Work task: After locating the line with "Artan hareketlilik nedeniyle", repeat it and every following line to the end of the listing, exactly. Omit the pictures.

Data records:
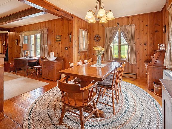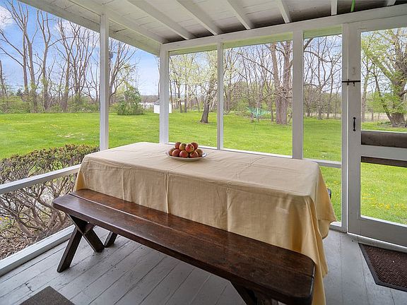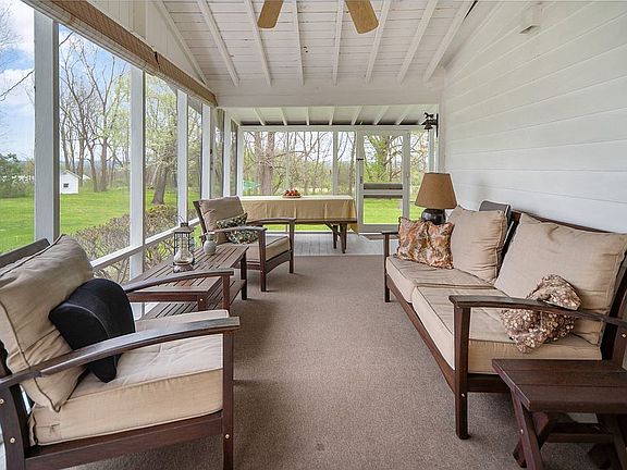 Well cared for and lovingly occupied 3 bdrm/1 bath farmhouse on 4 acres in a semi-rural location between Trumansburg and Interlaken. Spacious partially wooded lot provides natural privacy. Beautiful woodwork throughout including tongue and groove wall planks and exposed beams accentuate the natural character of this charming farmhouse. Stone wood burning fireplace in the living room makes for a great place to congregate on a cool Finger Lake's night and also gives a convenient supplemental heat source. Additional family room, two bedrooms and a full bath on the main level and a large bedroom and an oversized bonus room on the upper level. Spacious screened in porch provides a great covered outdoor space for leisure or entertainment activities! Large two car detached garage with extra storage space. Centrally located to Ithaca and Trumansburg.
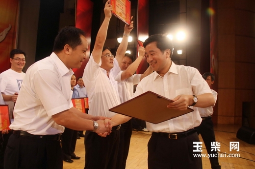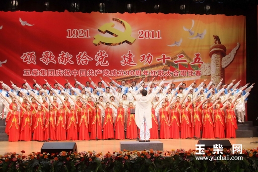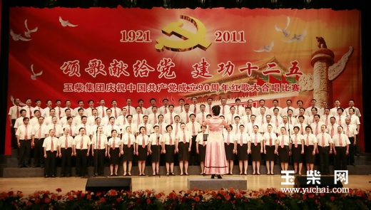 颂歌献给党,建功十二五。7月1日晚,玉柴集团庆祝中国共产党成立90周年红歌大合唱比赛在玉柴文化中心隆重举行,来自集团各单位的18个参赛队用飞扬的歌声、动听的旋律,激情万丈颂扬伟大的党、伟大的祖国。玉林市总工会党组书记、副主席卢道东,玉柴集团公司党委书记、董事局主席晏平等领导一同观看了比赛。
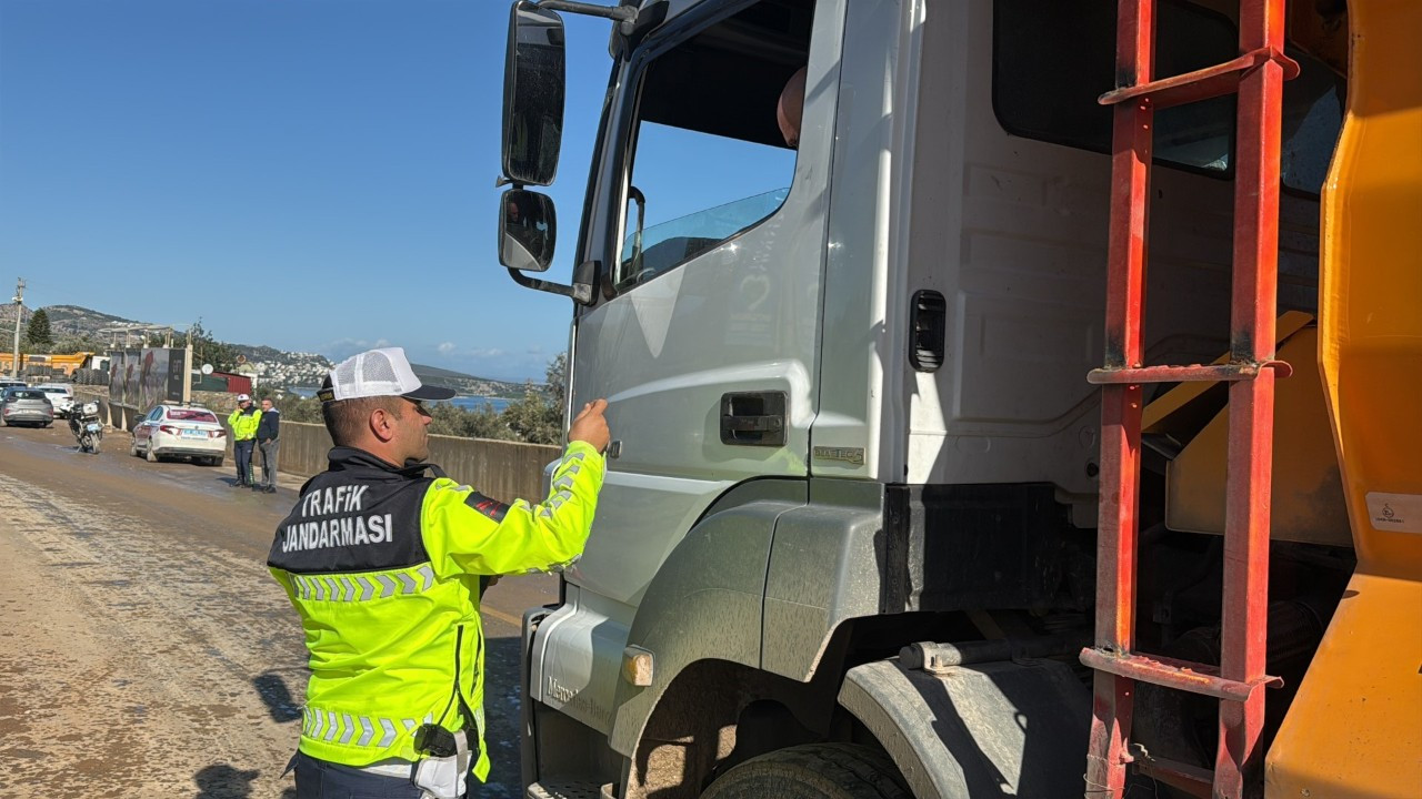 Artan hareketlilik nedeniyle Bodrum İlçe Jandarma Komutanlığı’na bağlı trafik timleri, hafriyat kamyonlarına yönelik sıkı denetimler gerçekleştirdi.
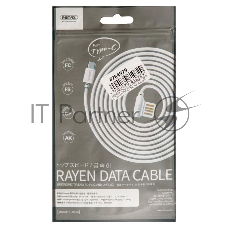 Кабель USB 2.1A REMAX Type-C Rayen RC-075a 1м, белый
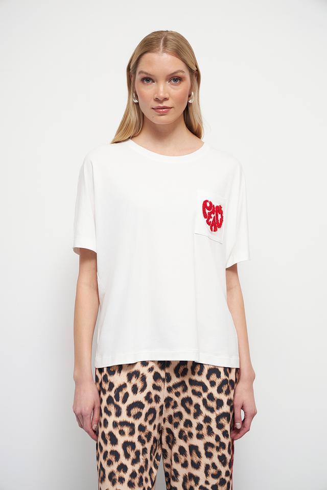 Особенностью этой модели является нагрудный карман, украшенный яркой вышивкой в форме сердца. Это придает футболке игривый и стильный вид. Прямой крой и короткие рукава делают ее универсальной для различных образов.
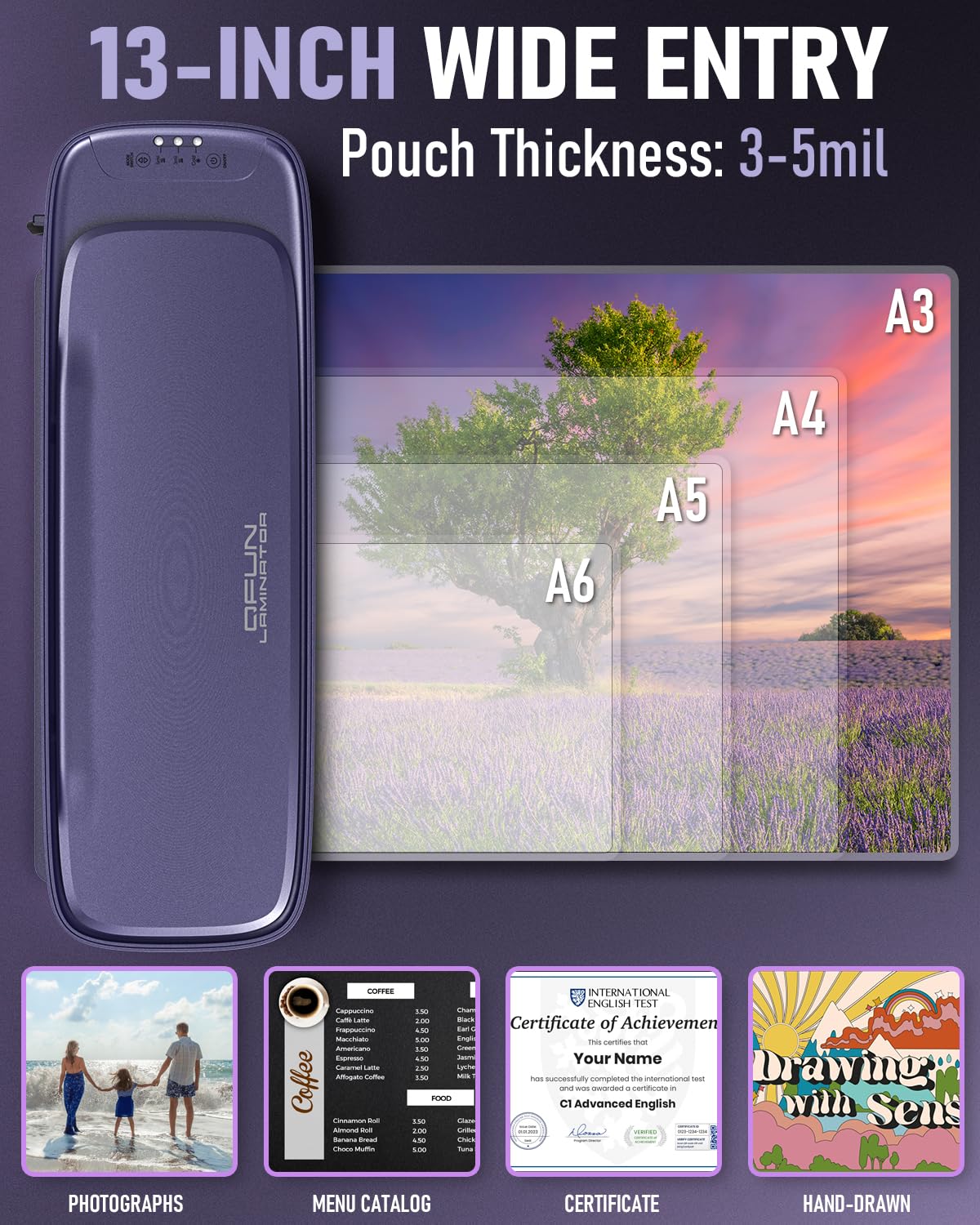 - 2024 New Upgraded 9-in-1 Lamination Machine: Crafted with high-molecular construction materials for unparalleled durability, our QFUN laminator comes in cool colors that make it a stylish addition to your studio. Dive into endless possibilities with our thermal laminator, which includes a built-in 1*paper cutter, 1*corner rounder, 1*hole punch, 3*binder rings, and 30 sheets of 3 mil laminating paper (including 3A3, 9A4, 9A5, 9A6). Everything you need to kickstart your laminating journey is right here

Solved problem:
 Artan hareketlilik nedeniyle Bodrum İlçe Jandarma Komutanlığı’na bağlı trafik timleri, hafriyat kamyonlarına yönelik sıkı denetimler gerçekleştirdi.
 Кабель USB 2.1A REMAX Type-C Rayen RC-075a 1м, белый
 Особенностью этой модели является нагрудный карман, украшенный яркой вышивкой в форме сердца. Это придает футболке игривый и стильный вид. Прямой крой и короткие рукава делают ее универсальной для различных образов.
 - 2024 New Upgraded 9-in-1 Lamination Machine: Crafted with high-molecular construction materials for unparalleled durability, our QFUN laminator comes in cool colors that make it a stylish addition to your studio. Dive into endless possibilities with our thermal laminator, which includes a built-in 1*paper cutter, 1*corner rounder, 1*hole punch, 3*binder rings, and 30 sheets of 3 mil laminating paper (including 3A3, 9A4, 9A5, 9A6). Everything you need to kickstart your laminating journey is right here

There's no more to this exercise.